К книге
Взрывные грибыГлава 18: Сердце Дракона
95%
Глава 18: Сердце Дракона
18

«Если ты думаешь, что победил, а потом тебя начинают жрать живьем — значит, ты что-то упустил. Например, тот факт, что в темном лесу всегда есть что-то еще более мерзкое.»

Гоблинский Философ-Пессимист Хнык Обреченный

Раздавать долги оказалось некому.

Туман сходил неохотно, и открывал он не тварь, а место, где эта махина стояла. Чешуйчатой горы не было. На ее месте лежала куча серого праха размером с добрый амбар, залитая дымящейся слизью, и прах этот переливался желто-зеленым — цветом гниения, который я знаю лучше собственного лица.

Тварь выжгла себя изнутри. Последний залп прошел по ее собственной плоти раньше, чем дошел до меня, и от тысячелетнего владыки Споровой Ямы осталось то, что остается от всякого: чавкающая лужа и тишина. В клубящейся мути мелькнула тень, полупрозрачная и без очертаний, и стаяла. Я списал ее на свои глаза. Целый день в этой яме и не такое покажет.

Горячка боя ушла вместе с врагом, и ноги сделались ватными. Я сел прямо на теплый пепел.

— Вот и вся слава, — выговорил я в тишину, потому что эта тишина мне не нравилась. — Девять дней дороги. Две недели по колено в грязи. И ради чего? Ради кучи праха и грибной лихорадки. Эй, споровая ящерица, я требую жалобную книгу.

Ящерица не ответила. Отвечать ей было нечем. Спорыш на плече молчал.

Молчал он не так, как молчат от восторга или от ужаса. Он молчал занято. Я скосил глаза и увидел, что мой симбионт свесился с наплечника в сторону праха и тянет в себя воздух над кучей — медленно, ровно, как тянут через соломину, когда торопиться незачем.

— Пупырышек.

— Я слушаю, хозяин. — Гифы не двинулись.

— Ты чем занят?

— Дышу. — Он подтянулся обратно к шву и стал заметно тяжелее, чем был четверть часа назад. — Тут воздух хороший.

Хорошим воздухом в этой яме мне вывело из строя две сотни тел. Я хотел сказать ему это и не стал, потому что мне надо было работать, а на две вещи одновременно у меня не осталось ни капли. Потом я об этом жалел. Но потом было потом.

Работа предстояла грязная и мелкая, и после большого боя такая всегда кажется нелепой. Великие дела требуют великих ингредиентов, а ингредиенты добывают лично, по локоть в мерзости, и не бывает иначе.

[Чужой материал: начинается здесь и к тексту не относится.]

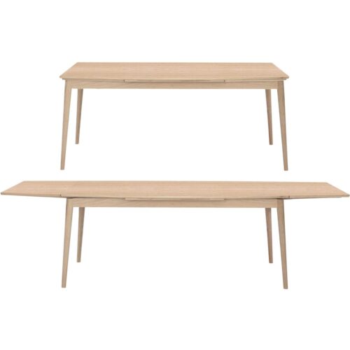 Curve matbord i fanerad /massiv vitpigmenterad mattlackad ek från danska PBJ. Ett stilrent matbord med en något svängd bordsskiva som förlängs med s.k. Holländskt utdrag, där en tilläggsskiva kan dras ut i varje kortsida. Dessa skivor ligger under den vanliga bordsskivan. Curve matbord är designat av Morten Svendsen och Michael H. Nielsen.

Я развернул мешок. Из просмоленной ткани, с тугими завязками, дорогой до неприличия — единственная вещь во всей моей поклаже, которую я за весь поход ни на что не потратил. Потратить ее было нельзя: она и была смыслом похода. Скряга Бронз в свое время посмотрел на эту строку в смете так, будто я вписал туда золотую карету, и все-таки подписал. Смола держит спору и не пускает слизь. Каждый вложенный в нее золотой окупался здесь по счету.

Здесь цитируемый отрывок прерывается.